As always Tracking Angle will bring you in-depth reviews of this major series of releases once they hit the streets. Stay tuned…..


  • 2023-10-20 06:51:54 PM

    Jim Shue wrote:

    Mark - thanks for your insights on these forthcoming DG OSS releases! As a huge fan of Steinberg's Planets super looking forward to the Steinberg box for sure. At the moment these are not yet up at Acoustic Sounds (my preferred online vendor) or Elusive Disc and Music Direct for pre-order.

    Given the massive success of OSS for DG one wonders if other Classical labels will pursue similar programs.

    • 2023-10-21 12:31:51 PM

      Mark Ward wrote:

      To my knowledge these releases are only available for pre-order on the DG Shop site. I suspect this is because they are selling so well. If you want to get a guaranteed copy I would order directly from DG. I made the mistake of waiting for copies to appear at domestic (US) retailers like AS, MD and ED and they sold out so quickly I missed out on a couple of titles.

  • 2023-10-20 10:32:41 PM

    Come on wrote:

    Thanks Mark, preordered them and hope for the best. A Zarathustra recommendation of Bowie is a bit like a death metal recommendation of the pope, right?

    • 2023-10-21 12:33:36 PM

      Mark Ward wrote:

      I LOVE the analogy!! RE. Bowie's fave - it was the Four Last Songs/Janowitz/Karajan record, not the Zarathustra - same composer though!

  • 2023-10-20 11:03:15 PM

    Fred Morris wrote:

    Looking forward to your always insightful reviews. In the meantime, here’s an idea for an article: state of the vinyl revival in Britain. E.g., vinyl is reasonably well covered in Hi Fi News, but nearly invisible in Gramophone, which of course is hugely ironic. Very active and helpful dealers on Discogs. Would be great to get your take.

    • 2023-10-21 12:35:03 PM

      Mark Ward wrote:

      Yes the lack of coverage in Gramophone (and on Radio 3's Record Review) is a mystery to me.
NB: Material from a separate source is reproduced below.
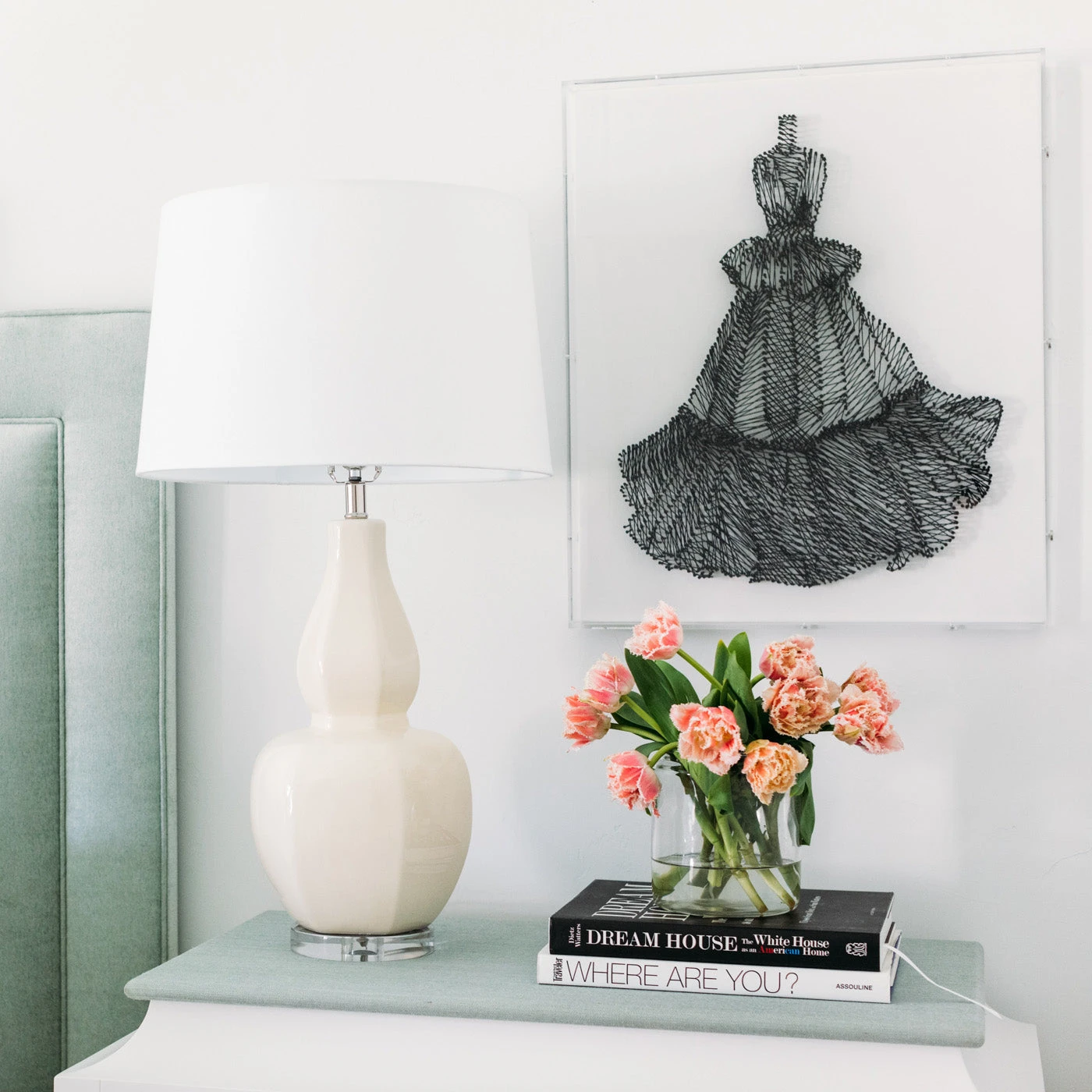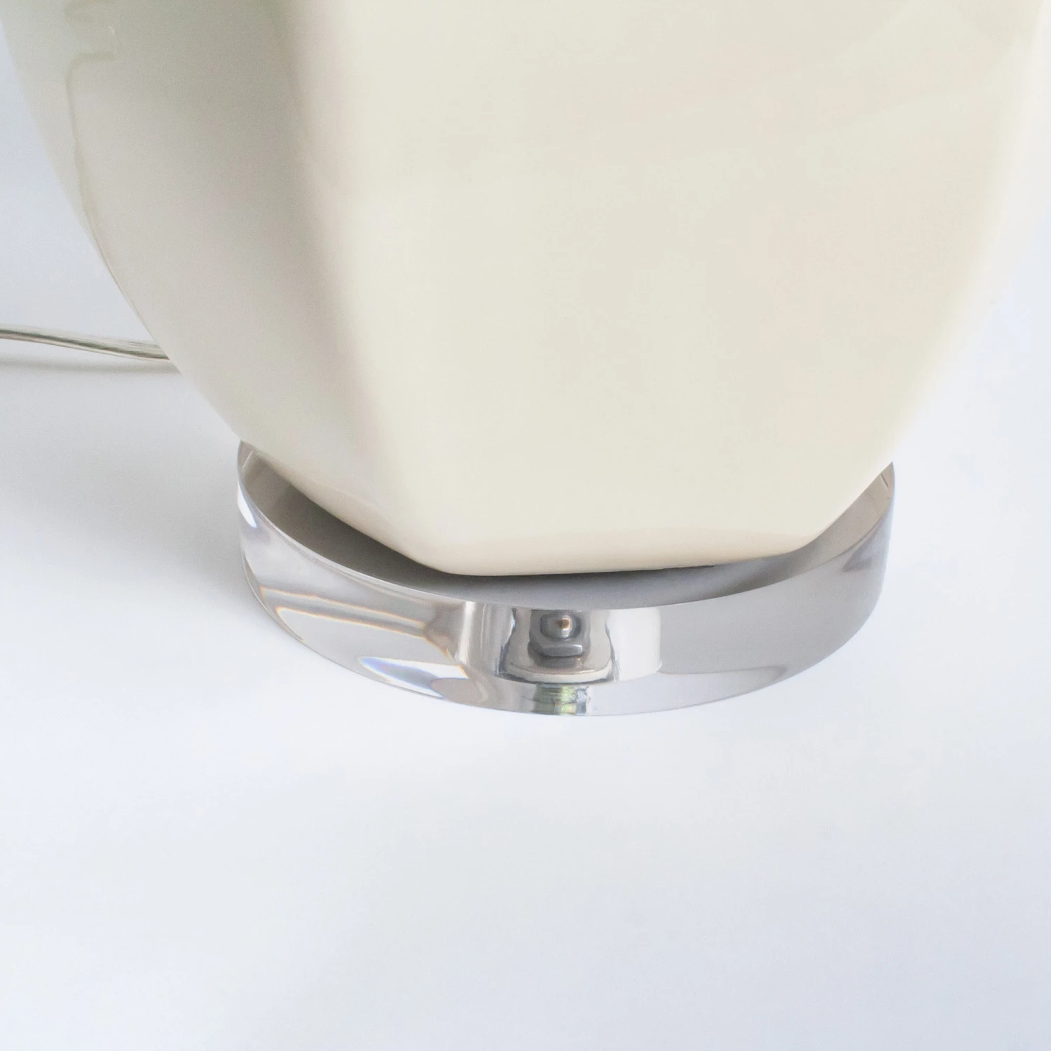 Artfully aesthetic. Handmade in Dallas, this artisan lamp features an off-white finish with a unique geometric shape. An acrylic base and finial complete the look.

Love your idea - have filed it away......

  • 2023-10-21 06:06:48 AM

    PeterPani wrote:

    The Janowitz / Karajan is one of the most emphatic classical records ever made. To me in the top three of Karajan. This is a must for every music lover. Believe me! The sound on my originals is perfect to me. I will buy this reissue. If it betters the original… wow!

    • 2023-10-21 12:37:07 PM

      Mark Ward wrote:

      I am sure the new version will blow away any other incarnation of this recording. When I first heard they were going to do this record you had to pick me up off the floor......

  • 2023-10-21 06:06:49 AM

    PeterPani wrote:

    The Janowitz / Karajan is one of the most emphatic classical records ever made. To me in the top three of Karajan. This is a must for every music lover. Believe me! The sound on my originals is perfect to me. I will buy this reissue. If it betters the original… wow!

  • 2023-10-21 07:17:16 PM

    NLak wrote:

    The Karajan/Janowitz Four Last Songs is so iconic and will definitely be getting it. Although, not from the DG site, close to 40 Euros for shipping is way too high. Strangely even liked his last recording of the Strauss classic with Sintow as well.

    • 2023-10-22 01:58:15 AM

      Mark Ward wrote:

      Yes, I only heard that later Karajan/Sintow version recently, and being such a huge fan of the Janowitz I was surprised by how much I liked the redo.

      • 2023-10-23 09:14:19 AM

        NLak wrote:

        Strange as it sounds, I reach more for the Sintow version over the Janowitz; I prefer the tempi of the 80s release over the 70s version.

  • 2023-11-19 08:02:33 PM

    Bryan M. wrote:

    Thanks for the in depth review Mark. I am really looking forward to the Strauss. The Steinberg Planets has long been a favorite of mine. I've never heard the Hindemith record, so that will be interesting. But as for Also Sprach, I have never been a fan of that recording at all. The playing and interpretation are fine, but EBS will have to work a miracle to make it sound like anything. That recording sounds like it was made with a single mic 100 yards away. I can't even focus on the music or the performance because the recording quality is so distracting. Maybe the inclusion of the extra "surround" tracks will fix it. I will definitely be watching for your review before I shell out the money for it though. Thanks again!